Posting a picture that isn't funny and calling it a funny picture?


----------



## Chickenhawk (Jan 18, 2010)

Pedal not plugged in?
Wearing long sleeves when its obviously not cold?
Being a general tool?
lol


----------



## maxident213 (Jan 18, 2010)

Are you supposed to be singing?


----------



## signalgrey (Jan 18, 2010)

im lost.


----------



## Prydogga (Jan 18, 2010)

signalgrey said:


> im lost.


----------



## Mattmc74 (Jan 18, 2010)




----------



## thesimo (Jan 18, 2010)

infinitycomplex said:


> Pedal not plugged in?



maybe


----------



## 777timesgod (Jan 18, 2010)

Annoying your drummer? I notice the bassist is looking back so...


----------



## InLight (Jan 18, 2010)

There's not enough resolution, but it looks like your guitar wire connects to that pink thing lower left on the kick.

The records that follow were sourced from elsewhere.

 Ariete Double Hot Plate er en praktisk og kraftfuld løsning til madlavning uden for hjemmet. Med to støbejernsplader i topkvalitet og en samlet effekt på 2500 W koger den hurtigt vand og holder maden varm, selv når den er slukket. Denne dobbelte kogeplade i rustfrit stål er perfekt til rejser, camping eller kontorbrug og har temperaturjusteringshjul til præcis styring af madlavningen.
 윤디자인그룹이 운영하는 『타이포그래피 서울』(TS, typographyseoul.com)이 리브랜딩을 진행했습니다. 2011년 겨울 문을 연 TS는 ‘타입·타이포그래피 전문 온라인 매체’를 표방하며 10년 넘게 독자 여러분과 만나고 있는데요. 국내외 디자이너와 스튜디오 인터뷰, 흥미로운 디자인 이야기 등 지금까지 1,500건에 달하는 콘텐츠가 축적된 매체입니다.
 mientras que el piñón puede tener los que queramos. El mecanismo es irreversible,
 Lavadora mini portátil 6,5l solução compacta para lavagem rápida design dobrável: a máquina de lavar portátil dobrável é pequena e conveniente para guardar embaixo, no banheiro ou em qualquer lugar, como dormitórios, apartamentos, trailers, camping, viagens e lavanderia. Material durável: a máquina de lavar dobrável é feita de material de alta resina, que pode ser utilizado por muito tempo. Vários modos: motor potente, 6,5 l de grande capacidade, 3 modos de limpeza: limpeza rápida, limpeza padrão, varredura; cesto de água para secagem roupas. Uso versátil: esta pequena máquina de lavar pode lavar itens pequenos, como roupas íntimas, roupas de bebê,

And I think that the pedal is in use by the bassist, through an input you can't see, because the amp on the right's got the ampeg logo on it.

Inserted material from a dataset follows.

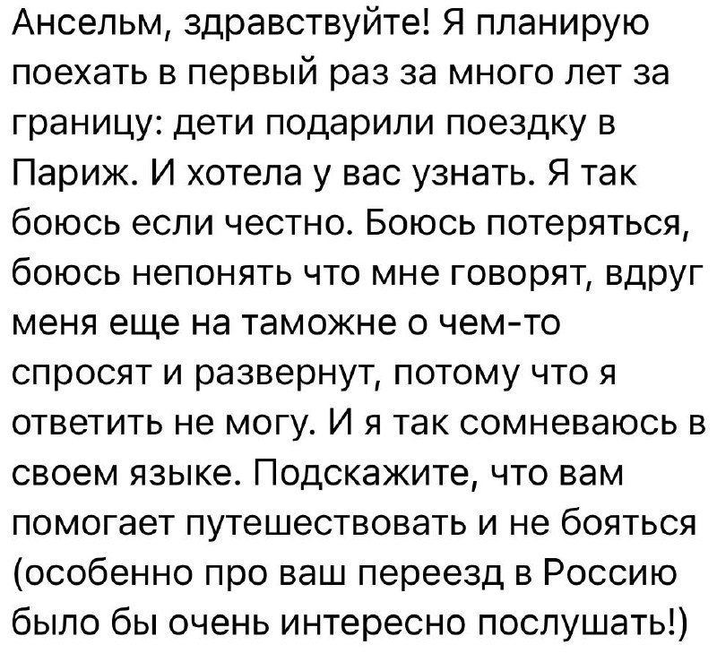 ?» Я чувствовал это перед каждой своей поездкой. Перед поездками в Россию, Таиланд, Корею (особенно перед автостопом по стране, где меня не ждали) И знаете что? Это нормально. Страх перед неизвестностью — это признак того, что вы собираетесь сделать что-то важное. «C’est normal d’avoir peur avant un grand voyage» (Это нормально — бояться перед большим путешествием) Дорога не требует, чтобы вы были готовы на 100%. Она требует только одного, сделать первый шаг. Вы идёте медленно, потом оглядываетесь, находите попутчиков и оказывается, что вы идёте уже быстрее, чем думали. В языке то же самое. — Вы боитесь заговорить, потому что не уверены в словах. — Боитесь, что вас не поймут. — Боитесь, что отстанете, если собеседник заговорит быстро. Но первый разговор — это тот самый первый шаг, и он не требует идеального французского, а требует только смелости попробовать. «Le premier pas est le plus difficile, mais il ouvre toutes les portes» (Первый шаг — самый трудный, но он открывает вс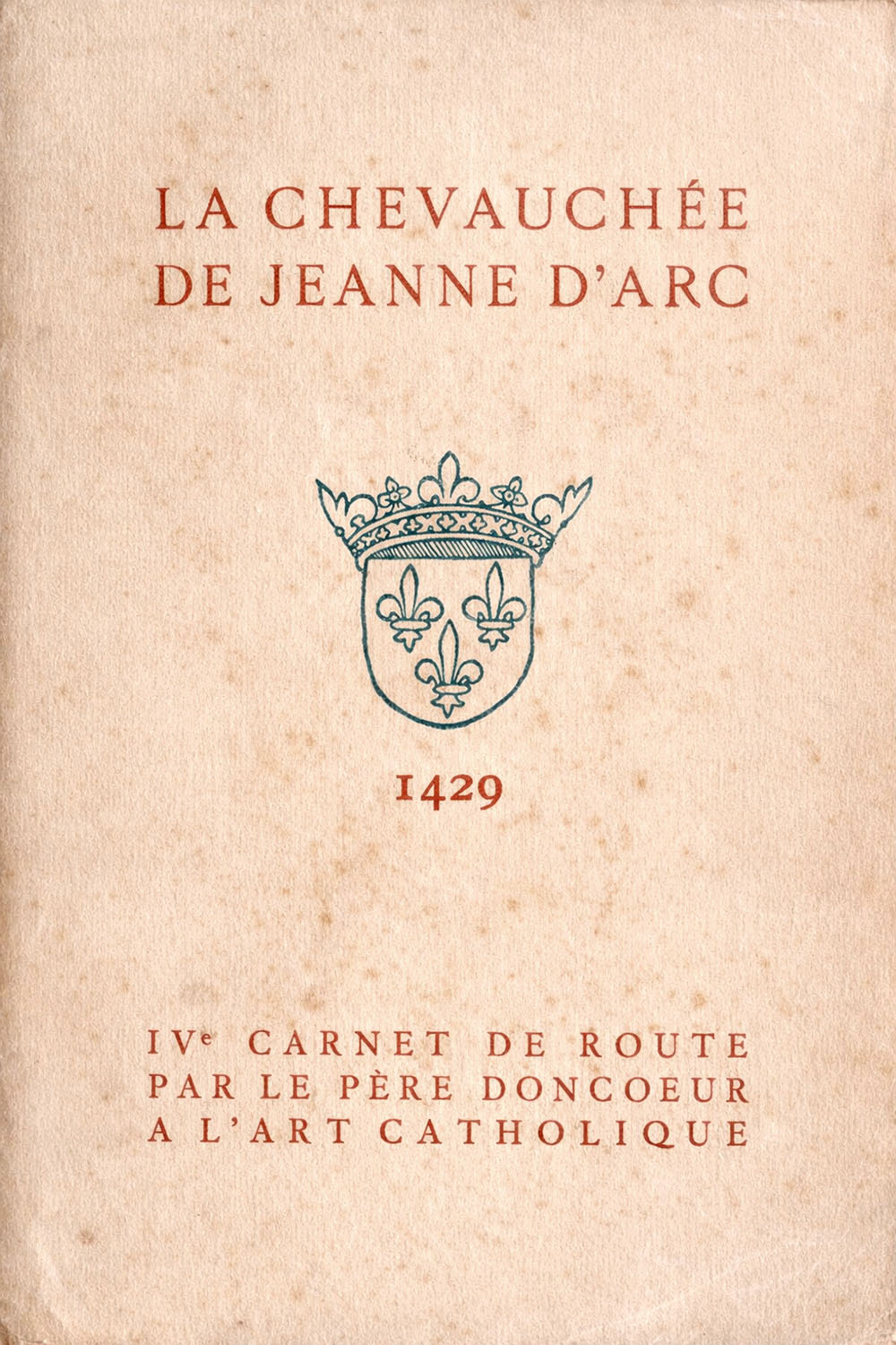 La chevauchée de Jeanne d’Arc — 1429 — IVe carnet de route par le père Doncœur à l’Art catholique [Dernière page] Achevé d’imprimer le 21 janvier 1429 en la fête de Ste Agnès, martyre, sur les presses de l’Art catholique, 6, place St-Sulpice à Paris

But no. This is not funny at all.


----------



## chaosxcomplex (Jan 18, 2010)

The pedal is an a/b switch I use for changing channels on my amp. The funny (well funny at 12:18 am) is the fact that I don't know most of the songs we play. Looks to me that everybody else is playing a D chord, and I'm pretty sure I'm playing a G. Not hilarious, but you can all laugh at my short coming!! And it was cold, I was the only one that brought a jacket.


----------



## Rick (Jan 18, 2010)

What you're doing wrong? 

Not headbanging.


----------



## chaosxcomplex (Jan 18, 2010)

Rick said:


> What you're doing wrong?
> 
> Not headbanging.


Haha...there's a good chance this was during Margaritaville (jimmy buffet)or you look wonderful tonight (clapton)...WOOOO!!!!!!! Easy listening!!

I guess it was just late and maybe this isn't that funny...hindsight is 20/20, right?? Haha.


----------



## Chickenhawk (Jan 23, 2010)

Well, next time you play a buffet song, and a picture is taken, you MUST be AT LEAST 4 FEET in the air, doing a crazy, 80's glam split kick.

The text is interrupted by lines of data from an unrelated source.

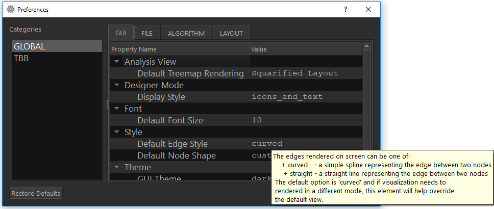 これは、[File] タブのグローバル・プリファレンスです。フローグラフ・アナライザー 2019 update5 で、新しい高速階層レイアウト・アルゴリズムが導入されました。次のプリファレンスを設定できます。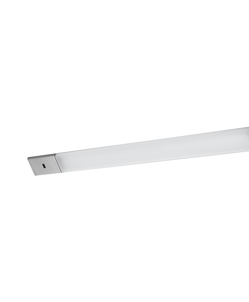 Niskonapięciowe podszafkowe oprawy oświetleniowe do montażu w narożnikach. Cechy produktu: Strumień świetlny: do 480 lm. Włączanie i wyłączanie za pomocą ruchu w odległości 5 cm od czujnika ruchu na podczerwień. Bezstopniowe przyciemnianie poprzez zakrycie czujnika ruchu na podczerwień z odległości 5 cm przez przynajmniej 1 sekundę. Materiał: aluminium. Kolor: srebrny. Dostępne 2 długości: 35 i 55 cm. Oprawy dostępne w pojedynczych lub podwójnych zestawach. Zalety produktu: Niskonapięciowa oprawa oświetleniowa zasilana za pomocą zewnętrznego zasilacza. Odpowiednie do montażu w narożnikach. Równomierny rozsył strumienia świetlnego. Łatwy i szybki montaż prawie na każdej powierzchni (taśma samoprzylepna lub śruby). Obszary zastosowań: Oświetlenie półek i oświetlenie podszafkowe. Wyposażenie / Akcesoria: Zewnętrzny zasilacz sieciowy (długość przewodu zasilającego: 1,5 m) w zestawie. Porady dotyczące bezpieczeństwa: Aby ograniczyć ryzyko uduszenia, elastyczne przewody PODŁĄCZONE do tej oprawy należy solidnie przymocować do ściany, jeśli znajdują się w zasięgu ręki..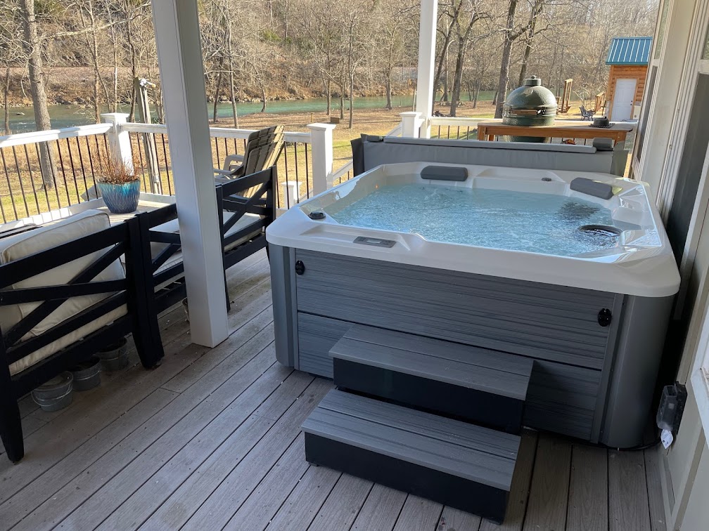 Just got my new Pace Hot Springs hot tub from the Pool Store. Love it! The delivery & setup team did a great job getting it up on a 5'7"-tall porch.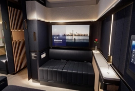 The separate suites set new standards in comfort with ceiling-high walls and a lockable door, a large table and a wide seat, a giant TV screen and wireless over-ear headphones.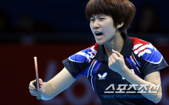 김경아, 석하정, 당예서가 팀을 이룬 대표팀은 7일 영국 런던의 엑셀 런던 노스아레나에서 열린 대회 여자 단체전 3-4위전에서 석하정선수가 두번째 단식에서 싱가폴팀 리 지아웨이와 경기하고 있다.

....in torn acid wash jeans....


That is the only way to redeem yourself after this fiasco.


----------



## Echo (Jan 23, 2010)

I deem this thread false.


----------



## vampiregenocide (Jan 23, 2010)

Guys can't you see paedobear doing wrong things to Rick Astley just at the back there?


----------



## norrin radcliff (Jan 26, 2010)

You're clearly out of standard metal stage position. 

You must be the to the left of the singer/rhythm guitar (from singer's perspective) and the bass player is clearly out of position as well, and should be where your singer is.

Actually, the drummer is the only one that has it right.


----------